Work Incentives That Create More Room 🔍

The SSA recognizes that returning to work is complicated. Several built-in protections give SSDI recipients a chance to test their ability to work without immediately losing benefits.

Trial Work Period (TWP)

During your Trial Work Period, you can work and earn any amount for up to 9 months (not necessarily consecutive) within a 60-month rolling window without losing your SSDI. In 2025, any month in which you earn more than $1,110 counts as a trial work month. Your benefits continue through all 9 months regardless of what you earn.

Extended Period of Eligibility (EPE)

After your trial work period ends, you enter a 36-month Extended Period of Eligibility. During this window, your benefits continue in any month your earnings fall below SGA. If you earn above SGA in a given month, your benefit stops — but you can reclaim it in months when your earnings drop back down, without reapplying.

Impairment-Related Work Expenses (IRWEs)

If you pay out-of-pocket for items or services that allow you to work — specialized equipment, certain medications, transportation costs related to your disability — those costs can be deducted before the SSA calculates whether your earnings meet SGA. This can meaningfully lower your effective earnings figure.

Subsidies and Special Conditions

If your employer is accommodating your disability in ways that inflate your apparent earnings — like giving you extra help, fewer responsibilities, or more time — the SSA may apply a subsidy to reduce the countable income amount.

How This Plays Out Across Different Situations

The same SGA number applies to everyone, but how it lands in practice varies considerably.

SituationHow SGA Applies
Just approved, not yet workingSGA doesn't affect you yet — but applies going forward
Working part-time below SGABenefits continue; SSA may still monitor
In Trial Work PeriodBenefits continue regardless of earnings for up to 9 months
Earning above SGA after TWP endsBenefits stop that month; EPE may still protect you
Self-employedMore complex analysis; hours and services factor in
Blind SSDI recipientHigher SGA threshold applies ($2,700/month in 2025)

SGA and the Initial Application

SGA matters even before you're approved. During the application process, the SSA will look at your work activity around and after your alleged onset date. If you were working above SGA when you claimed your disability began, that complicates your case. If you're currently working above SGA while your application is pending, the SSA will typically deny your claim at the first step of the five-step evaluation — regardless of how severe your condition is.

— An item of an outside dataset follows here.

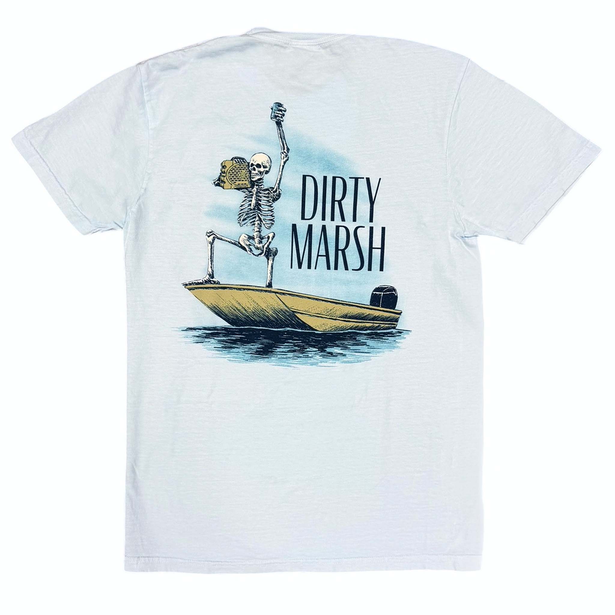 Bring a bold, carefree vibe to your everyday lineup with the Dirty Marsh Speaker Skelly Short Sleeve T-Shirt. Featuring a standout graphic of a skeleton posted up on a boat with a speaker in hand, this tee captures the fun, laid-back energy of long days on the water and good times with friends.

This is why understanding SGA matters at every stage, not just after approval.

The Variable That Changes Everything

The SGA threshold is a fixed number — but whether it affects your benefits depends on factors that aren't fixed at all: your specific work history, whether you've used your trial work months, how long you've been receiving SSDI, how the SSA characterizes your self-employment, and whether any IRWEs apply to your situation.

Two people earning the same monthly amount can face entirely different outcomes depending on where they are in the benefit timeline, what accommodations their employer provides, and how the SSA calculates their countable income.

The threshold is public. What it means for your specific case isn't something a general guide can answer.